Cox and Forshaw further say, 'A good example might be to consider the length of a piece of string. We can see that although the piece of string is a meaningful object, we should avoid writing down an equation that deals only with its length in space. Rather, we should be more ambitious and talk about its length in spacetime, for that is the spacetime way. Of course, for earthbound physicists it might be convenient to use equations that express relationships between lengths in space and other such things—certainly engineers find that way of going about things very useful. The correct way to view an equation that uses only lengths in space or the time measured by a clock is that it is a valid approximation if we are dealing with objects that move very slowly relative to the cosmic speed limit, which is usually (but not always) true for everyday engineering problems. An example we have already met where this is not true is a particle accelerator, where subatomic particles whiz around in circles at very close to the speed of light, and live longer as a result. If the effects of Einstein’s theory are not taken into account, particle accelerators simply stop working properly. Fundamental physics is all about the quest for fundamental equations, and that means working only with mathematical representations of objects that have a universal meaning in spacetime. The old view of space and time as distinct leads to a way of viewing the world that is something akin to trying to watch a stage play by looking only at the shadows cast by the spotlights onto the stage. The real business involves three-dimensional actors moving around and the shadows capture a two-dimensional projection of the play. With the arrival of the concept of spacetime, we are finally able to lift our eyes from the shadows. All of this talk of objects in spacetime may sound rather abstract but there is a point to it. '

And now, Sanja has left, the Night comes to accompany me. And passing through the spacetime with the Night, I don't need to use Cox and Forshaw's explanations, because in the end, all the conclusions come down to 'Sunnatullah', even though they explain it in 'scientific explanation'.

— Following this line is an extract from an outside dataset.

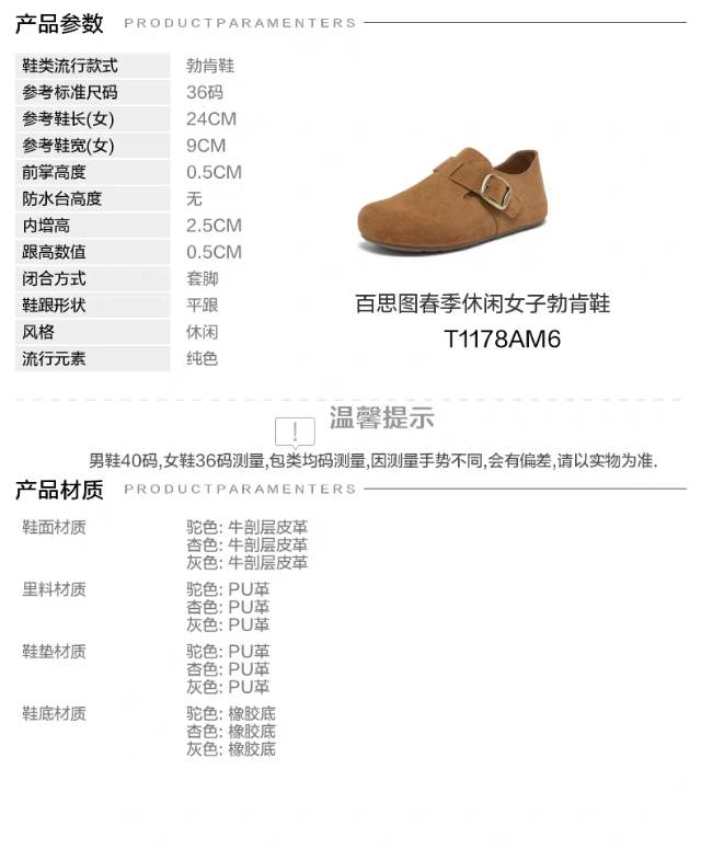 【百思图】BF楼百思图2026春季新款复古真皮勃肯鞋懒人一脚蹬女单鞋T1178AM6 吊牌价759.现价339

I don't really know about the spacetime, but all I know that seeing the Night, is like squinting at a painting: why, when, how, what and for what. Going through the Night, I'll find three things: Noise, Silence and Value. That's why, the Night fixes up what happened during the Day. Then the next day, there will be something new, something changed.

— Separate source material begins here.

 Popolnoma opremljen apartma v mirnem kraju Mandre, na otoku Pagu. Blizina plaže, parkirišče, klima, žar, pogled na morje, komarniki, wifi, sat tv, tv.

Walking with the Night, fist thigs first, fear will arise. The fears are varied. Some are afraid of losing, some are afraid of reality, some are afraid of ghosts, and many more. All of this, will produce 'Noise'. Noise is usually unwanted, perhaps, a rejection. We may be spending 99.9 percent of our time worrying about these daily concerns—material comforts and affective concerns—and that is understandable, because we need to have our basic needs met to feel safe. But many of us worry far, far beyond having our needs met. We are physically safe, our hunger is satisfied, we have a roof over our heads, and we have a loving family; and still we can worry constantly.

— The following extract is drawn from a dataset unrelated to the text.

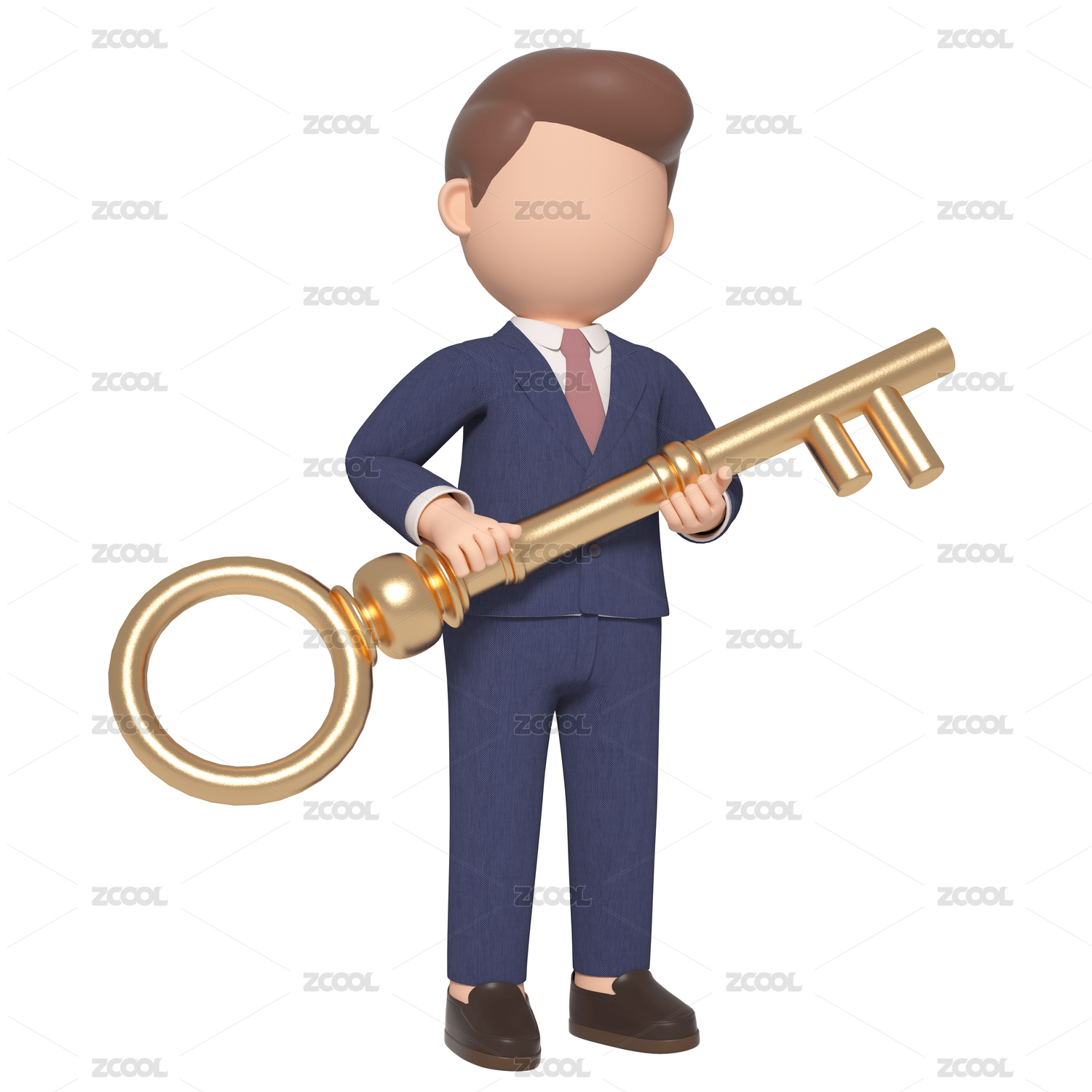 3D渲染抱金鑰匙的卡通商務(wù)男性

It is said that Noise is another word for sound. And Thich Nhat Hanh, a Vietnamese Buddhist monk, says that 'Everything begins with the sound.' Further he says that Avalokiteshvara has the capacity to listen to all kinds of sounds. He can also utter five different kinds of sounds that can heal the world.
The first is the Wonderful Sound, the sound of the wonders of life that are calling you. This is the sound of the birds, of the rain, and so on.
The second sound is the Sound of the One Who Observes the World. This is the sound of listening, the sound of silence.
The third sound is the transcendental sound, which has a long history in Indian spiritual thought. The tradition is that the sound om has the innate power to create the world. The story goes that the cosmos, the world, the universe was created by that sound. The Christian Gospel of John has the same idea, 'In the beginning there was the word' (John 1:1). According to the Vedas, the oldest Hindu texts, that world-creating word, a mystic syllable, sacred mantra 'om.' In Indian Vedic tradition, this sound is the ultimate reality, or God. In an Islamic perspective, when Allah created Al-Qalam (the pen), He, Subhanahu wa Ta'ala, said, 'Write everything that will happen!'
Many modern astronomers have come to believe something similar. They have been looking for the beginning of time, the beginning of the cosmos, and they hypothesize that the very beginning of the universe was 'the big bang.'
The fourth sound is the Sound of the Rising Tide. This is a symbolic sound. The sound that can clear away misunderstanding, remove affliction, and transform everything. It’s penetrating and effective.
The fifth sound is the Sound That Transcends All Sounds of the World. This is the sound of impermanence, a reminder not to get caught up in or too attached to particular words or sounds.
If you can find silence within yourself, you can hear these five sounds.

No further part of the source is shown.